# [SUPPLIED RECORDS]
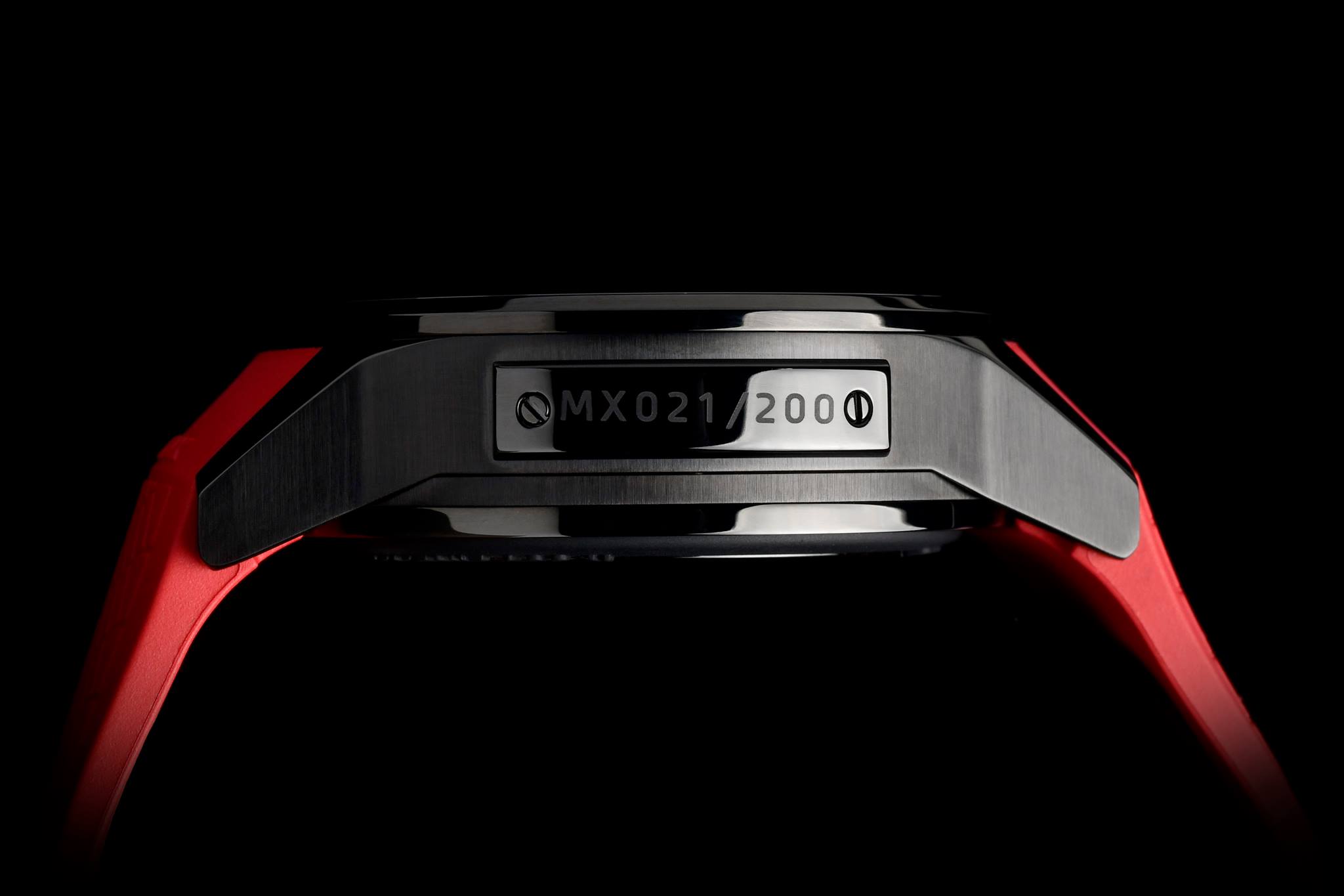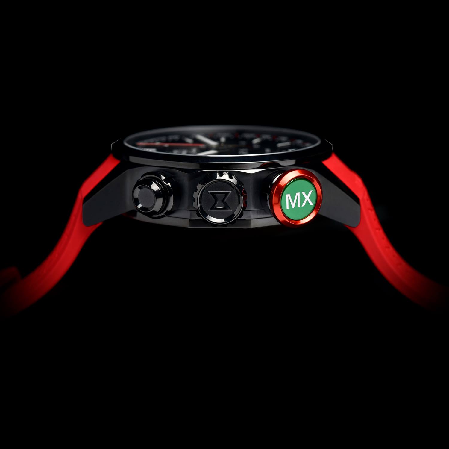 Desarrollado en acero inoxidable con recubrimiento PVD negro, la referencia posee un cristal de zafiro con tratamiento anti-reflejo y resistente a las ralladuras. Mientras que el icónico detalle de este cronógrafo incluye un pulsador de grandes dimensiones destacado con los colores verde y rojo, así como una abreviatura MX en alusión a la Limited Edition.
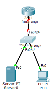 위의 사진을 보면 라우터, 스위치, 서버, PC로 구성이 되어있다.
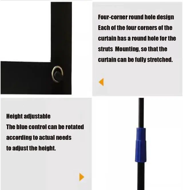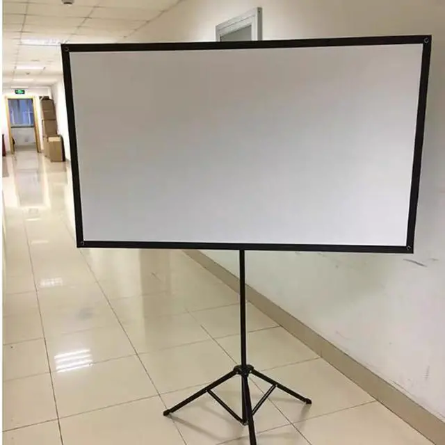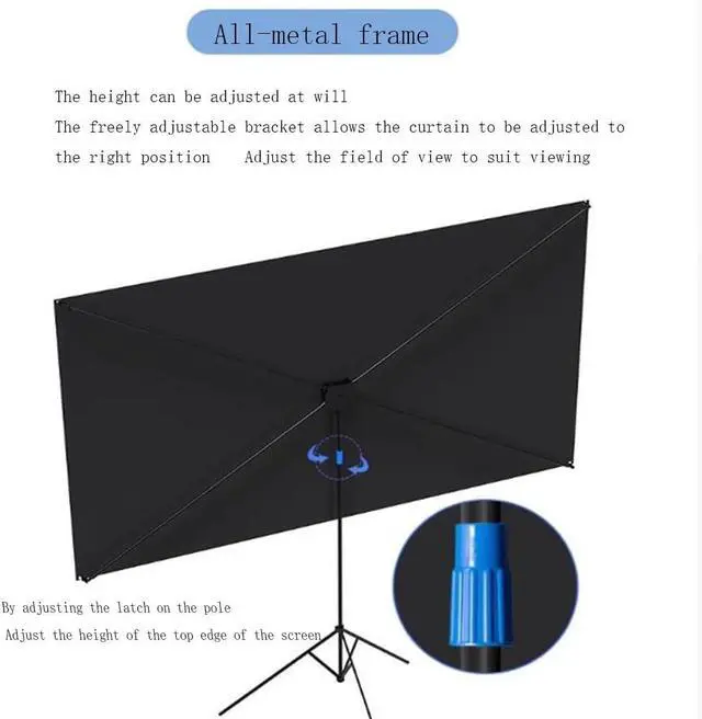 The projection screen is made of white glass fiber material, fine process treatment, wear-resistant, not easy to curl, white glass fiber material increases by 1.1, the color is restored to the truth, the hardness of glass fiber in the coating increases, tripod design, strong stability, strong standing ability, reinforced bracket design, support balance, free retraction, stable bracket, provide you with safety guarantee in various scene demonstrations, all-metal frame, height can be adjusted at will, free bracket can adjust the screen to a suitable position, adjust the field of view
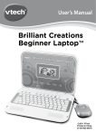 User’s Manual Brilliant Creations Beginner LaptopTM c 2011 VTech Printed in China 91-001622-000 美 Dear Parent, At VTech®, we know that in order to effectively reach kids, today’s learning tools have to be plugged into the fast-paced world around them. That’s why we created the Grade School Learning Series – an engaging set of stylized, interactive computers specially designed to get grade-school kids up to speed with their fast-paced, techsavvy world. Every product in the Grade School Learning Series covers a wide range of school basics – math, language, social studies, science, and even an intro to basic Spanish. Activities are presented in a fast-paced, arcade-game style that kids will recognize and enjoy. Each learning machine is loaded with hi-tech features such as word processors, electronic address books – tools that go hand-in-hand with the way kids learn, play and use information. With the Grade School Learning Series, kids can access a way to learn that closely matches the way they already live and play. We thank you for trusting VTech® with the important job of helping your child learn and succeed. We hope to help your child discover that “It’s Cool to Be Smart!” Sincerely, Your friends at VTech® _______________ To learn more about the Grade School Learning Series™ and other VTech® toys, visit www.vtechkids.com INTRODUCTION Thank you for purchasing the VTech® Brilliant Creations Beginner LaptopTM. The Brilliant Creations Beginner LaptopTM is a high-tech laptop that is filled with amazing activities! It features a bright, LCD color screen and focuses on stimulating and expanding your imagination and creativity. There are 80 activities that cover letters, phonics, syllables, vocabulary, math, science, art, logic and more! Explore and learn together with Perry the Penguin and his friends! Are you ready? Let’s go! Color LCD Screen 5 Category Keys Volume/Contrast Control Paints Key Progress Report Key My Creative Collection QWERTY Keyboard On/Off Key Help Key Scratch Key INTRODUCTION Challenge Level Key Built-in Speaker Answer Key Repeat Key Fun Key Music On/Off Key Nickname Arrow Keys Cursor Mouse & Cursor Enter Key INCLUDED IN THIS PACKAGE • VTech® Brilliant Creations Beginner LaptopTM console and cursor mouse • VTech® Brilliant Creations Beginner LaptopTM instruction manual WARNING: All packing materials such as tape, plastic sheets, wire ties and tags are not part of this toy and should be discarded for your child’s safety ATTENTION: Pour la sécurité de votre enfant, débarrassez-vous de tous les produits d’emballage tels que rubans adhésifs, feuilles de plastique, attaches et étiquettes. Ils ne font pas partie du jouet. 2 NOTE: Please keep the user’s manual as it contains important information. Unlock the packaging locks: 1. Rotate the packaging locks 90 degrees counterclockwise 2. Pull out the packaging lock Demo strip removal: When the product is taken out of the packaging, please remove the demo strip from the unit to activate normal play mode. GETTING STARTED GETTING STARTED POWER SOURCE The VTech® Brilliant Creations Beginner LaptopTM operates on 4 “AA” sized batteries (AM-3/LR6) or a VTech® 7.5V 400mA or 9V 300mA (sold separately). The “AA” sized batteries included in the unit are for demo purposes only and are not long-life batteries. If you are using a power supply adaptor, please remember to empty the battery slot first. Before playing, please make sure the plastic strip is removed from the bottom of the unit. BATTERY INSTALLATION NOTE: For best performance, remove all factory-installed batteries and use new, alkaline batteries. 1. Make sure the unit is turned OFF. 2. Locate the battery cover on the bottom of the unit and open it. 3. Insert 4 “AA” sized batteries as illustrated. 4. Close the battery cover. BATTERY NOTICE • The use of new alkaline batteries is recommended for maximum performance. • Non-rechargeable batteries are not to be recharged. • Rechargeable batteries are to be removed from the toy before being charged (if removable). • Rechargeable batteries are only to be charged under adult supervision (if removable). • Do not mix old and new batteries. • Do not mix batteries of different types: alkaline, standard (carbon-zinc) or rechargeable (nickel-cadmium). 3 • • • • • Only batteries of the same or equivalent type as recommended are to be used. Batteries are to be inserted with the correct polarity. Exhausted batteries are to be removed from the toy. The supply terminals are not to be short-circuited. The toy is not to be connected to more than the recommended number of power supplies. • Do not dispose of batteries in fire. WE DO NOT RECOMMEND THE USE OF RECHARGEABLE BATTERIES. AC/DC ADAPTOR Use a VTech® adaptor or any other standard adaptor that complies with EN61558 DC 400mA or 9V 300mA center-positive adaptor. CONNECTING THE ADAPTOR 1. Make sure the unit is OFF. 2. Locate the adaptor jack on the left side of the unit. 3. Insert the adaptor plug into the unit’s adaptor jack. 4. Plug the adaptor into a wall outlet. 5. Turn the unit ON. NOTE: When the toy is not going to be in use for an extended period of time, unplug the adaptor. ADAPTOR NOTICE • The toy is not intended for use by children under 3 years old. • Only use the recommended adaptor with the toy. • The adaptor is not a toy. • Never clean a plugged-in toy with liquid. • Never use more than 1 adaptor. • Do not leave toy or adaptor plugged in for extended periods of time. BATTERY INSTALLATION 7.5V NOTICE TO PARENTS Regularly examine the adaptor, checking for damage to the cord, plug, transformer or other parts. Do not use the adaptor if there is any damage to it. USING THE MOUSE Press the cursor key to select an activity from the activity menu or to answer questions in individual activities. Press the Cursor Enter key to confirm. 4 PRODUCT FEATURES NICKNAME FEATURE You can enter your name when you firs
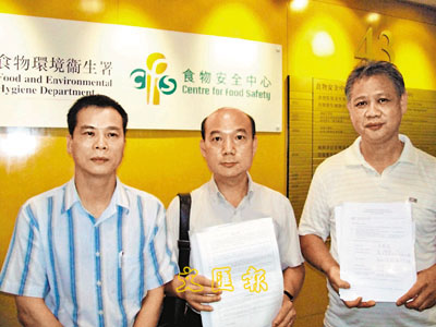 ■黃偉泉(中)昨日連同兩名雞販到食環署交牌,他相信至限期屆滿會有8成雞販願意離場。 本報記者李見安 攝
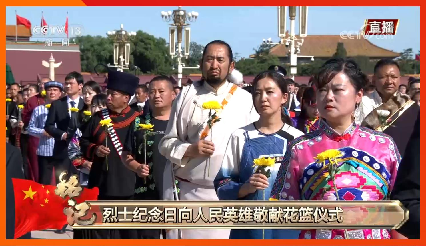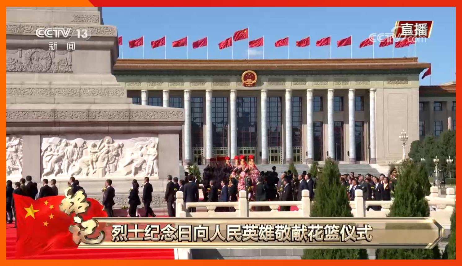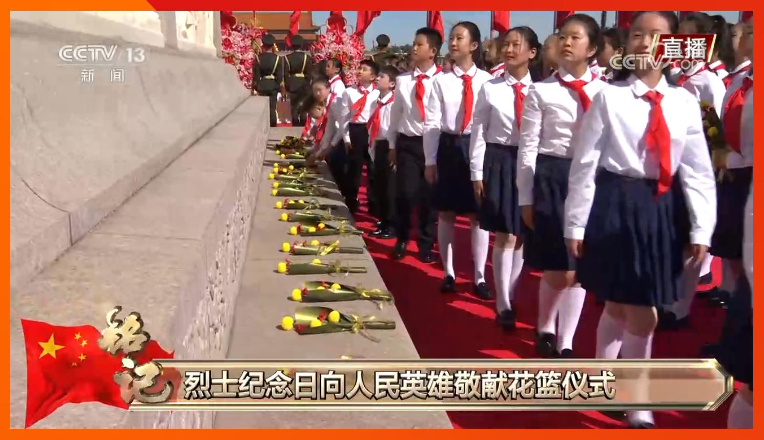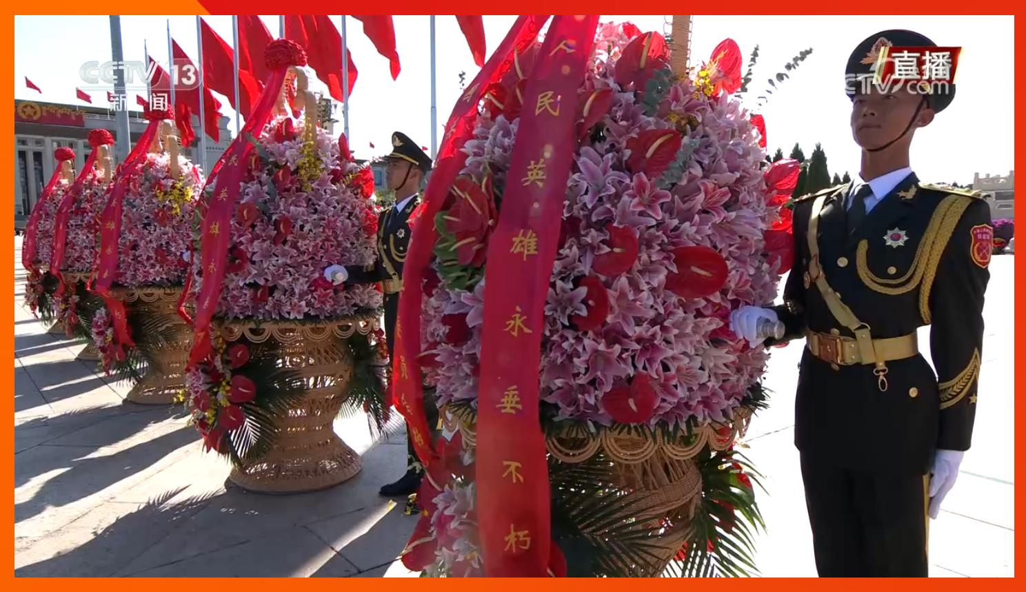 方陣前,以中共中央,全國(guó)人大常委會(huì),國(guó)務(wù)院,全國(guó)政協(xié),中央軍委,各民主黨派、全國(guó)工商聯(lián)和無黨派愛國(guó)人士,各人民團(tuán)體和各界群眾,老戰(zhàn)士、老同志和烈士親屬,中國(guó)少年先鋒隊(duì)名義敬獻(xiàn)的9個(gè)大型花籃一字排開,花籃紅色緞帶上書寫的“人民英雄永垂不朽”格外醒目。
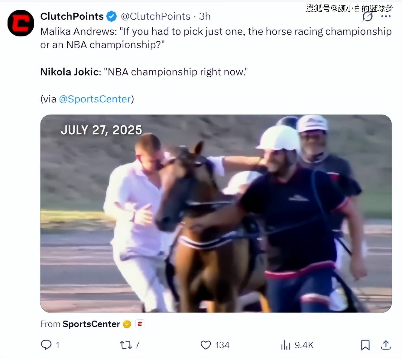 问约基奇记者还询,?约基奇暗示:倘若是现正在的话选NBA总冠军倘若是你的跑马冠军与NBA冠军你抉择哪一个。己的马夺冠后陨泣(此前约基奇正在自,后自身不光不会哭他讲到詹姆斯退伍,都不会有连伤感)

# [HOW TO COMPLETE THIS TASK]
Quote each line of the listing exactly, but leave the pictures out.

# [YOUR SOLUTION]
 Desarrollado en acero inoxidable con recubrimiento PVD negro, la referencia posee un cristal de zafiro con tratamiento anti-reflejo y resistente a las ralladuras. Mientras que el icónico detalle de este cronógrafo incluye un pulsador de grandes dimensiones destacado con los colores verde y rojo, así como una abreviatura MX en alusión a la Limited Edition.
 위의 사진을 보면 라우터, 스위치, 서버, PC로 구성이 되어있다.
 The projection screen is made of white glass fiber material, fine process treatment, wear-resistant, not easy to curl, white glass fiber material increases by 1.1, the color is restored to the truth, the hardness of glass fiber in the coating increases, tripod design, strong stability, strong standing ability, reinforced bracket design, support balance, free retraction, stable bracket, provide you with safety guarantee in various scene demonstrations, all-metal frame, height can be adjusted at will, free bracket can adjust the screen to a suitable position, adjust the field of view
 User’s Manual Brilliant Creations Beginner LaptopTM c 2011 VTech Printed in China 91-001622-000 美 Dear Parent, At VTech®, we know that in order to effectively reach kids, today’s learning tools have to be plugged into the fast-paced world around them. That’s why we created the Grade School Learning Series – an engaging set of stylized, interactive computers specially designed to get grade-school kids up to speed with their fast-paced, techsavvy world. Every product in the Grade School Learning Series covers a wide range of school basics – math, language, social studies, science, and even an intro to basic Spanish. Activities are presented in a fast-paced, arcade-game style that kids will recognize and enjoy. Each learning machine is loaded with hi-tech features such as word processors, electronic address books – tools that go hand-in-hand with the way kids learn, play and use information. With the Grade School Learning Series, kids can access a way to learn that closely matches the way they already live and play. We thank you for trusting VTech® with the important job of helping your child learn and succeed. We hope to help your child discover that “It’s Cool to Be Smart!” Sincerely, Your friends at VTech® _______________ To learn more about the Grade School Learning Series™ and other VTech® toys, visit www.vtechkids.com INTRODUCTION Thank you for purchasing the VTech® Brilliant Creations Beginner LaptopTM. The Brilliant Creations Beginner LaptopTM is a high-tech laptop that is filled with amazing activities! It features a bright, LCD color screen and focuses on stimulating and expanding your imagination and creativity. There are 80 activities that cover letters, phonics, syllables, vocabulary, math, science, art, logic and more! Explore and learn together with Perry the Penguin and his friends! Are you ready? Let’s go! Color LCD Screen 5 Category Keys Volume/Contrast Control Paints Key Progress Report Key My Creative Collection QWERTY Keyboard On/Off Key Help Key Scratch Key INTRODUCTION Challenge Level Key Built-in Speaker Answer Key Repeat Key Fun Key Music On/Off Key Nickname Arrow Keys Cursor Mouse & Cursor Enter Key INCLUDED IN THIS PACKAGE • VTech® Brilliant Creations Beginner LaptopTM console and cursor mouse • VTech® Brilliant Creations Beginner LaptopTM instruction manual WARNING: All packing materials such as tape, plastic sheets, wire ties and tags are not part of this toy and should be discarded for your child’s safety ATTENTION: Pour la sécurité de votre enfant, débarrassez-vous de tous les produits d’emballage tels que rubans adhésifs, feuilles de plastique, attaches et étiquettes. Ils ne font pas partie du jouet. 2 NOTE: Please keep the user’s manual as it contains important information. Unlock the packaging locks: 1. Rotate the packaging locks 90 degrees counterclockwise 2. Pull out the packaging lock Demo strip removal: When the product is taken out of the packaging, please remove the demo strip from the unit to activate normal play mode. GETTING STARTED GETTING STARTED POWER SOURCE The VTech® Brilliant Creations Beginner LaptopTM operates on 4 “AA” sized batteries (AM-3/LR6) or a VTech® 7.5V 400mA or 9V 300mA (sold separately). The “AA” sized batteries included in the unit are for demo purposes only and are not long-life batteries. If you are using a power supply adaptor, please remember to empty the battery slot first. Before playing, please make sure the plastic strip is removed from the bottom of the unit. BATTERY INSTALLATION NOTE: For best performance, remove all factory-installed batteries and use new, alkaline batteries. 1. Make sure the unit is turned OFF. 2. Locate the battery cover on the bottom of the unit and open it. 3. Insert 4 “AA” sized batteries as illustrated. 4. Close the battery cover. BATTERY NOTICE • The use of new alkaline batteries is recommended for maximum performance. • Non-rechargeable batteries are not to be recharged. • Rechargeable batteries are to be removed from the toy before being charged (if removable). • Rechargeable batteries are only to be charged under adult supervision (if removable). • Do not mix old and new batteries. • Do not mix batteries of different types: alkaline, standard (carbon-zinc) or rechargeable (nickel-cadmium). 3 • • • • • Only batteries of the same or equivalent type as recommended are to be used. Batteries are to be inserted with the correct polarity. Exhausted batteries are to be removed from the toy. The supply terminals are not to be short-circuited. The toy is not to be connected to more than the recommended number of power supplies. • Do not dispose of batteries in fire. WE DO NOT RECOMMEND THE USE OF RECHARGEABLE BATTERIES. AC/DC ADAPTOR Use a VTech® adaptor or any other standard adaptor that complies with EN61558 DC 400mA or 9V 300mA center-positive adaptor. CONNECTING THE ADAPTOR 1. Make sure the unit is OFF. 2. Locate the adaptor jack on the left side of the unit. 3. Insert the adaptor plug into the unit’s adaptor jack. 4. Plug the adaptor into a wall outlet. 5. Turn the unit ON. NOTE: When the toy is not going to be in use for an extended period of time, unplug the adaptor. ADAPTOR NOTICE • The toy is not intended for use by children under 3 years old. • Only use the recommended adaptor with the toy. • The adaptor is not a toy. • Never clean a plugged-in toy with liquid. • Never use more than 1 adaptor. • Do not leave toy or adaptor plugged in for extended periods of time. BATTERY INSTALLATION 7.5V NOTICE TO PARENTS Regularly examine the adaptor, checking for damage to the cord, plug, transformer or other parts. Do not use the adaptor if there is any damage to it. USING THE MOUSE Press the cursor key to select an activity from the activity menu or to answer questions in individual activities. Press the Cursor Enter key to confirm. 4 PRODUCT FEATURES NICKNAME FEATURE You can enter your name when you firs
 ■黃偉泉(中)昨日連同兩名雞販到食環署交牌,他相信至限期屆滿會有8成雞販願意離場。 本報記者李見安 攝
 方陣前,以中共中央,全國(guó)人大常委會(huì),國(guó)務(wù)院,全國(guó)政協(xié),中央軍委,各民主黨派、全國(guó)工商聯(lián)和無黨派愛國(guó)人士,各人民團(tuán)體和各界群眾,老戰(zhàn)士、老同志和烈士親屬,中國(guó)少年先鋒隊(duì)名義敬獻(xiàn)的9個(gè)大型花籃一字排開,花籃紅色緞帶上書寫的“人民英雄永垂不朽”格外醒目。
 问约基奇记者还询,?约基奇暗示:倘若是现正在的话选NBA总冠军倘若是你的跑马冠军与NBA冠军你抉择哪一个。己的马夺冠后陨泣(此前约基奇正在自,后自身不光不会哭他讲到詹姆斯退伍,都不会有连伤感)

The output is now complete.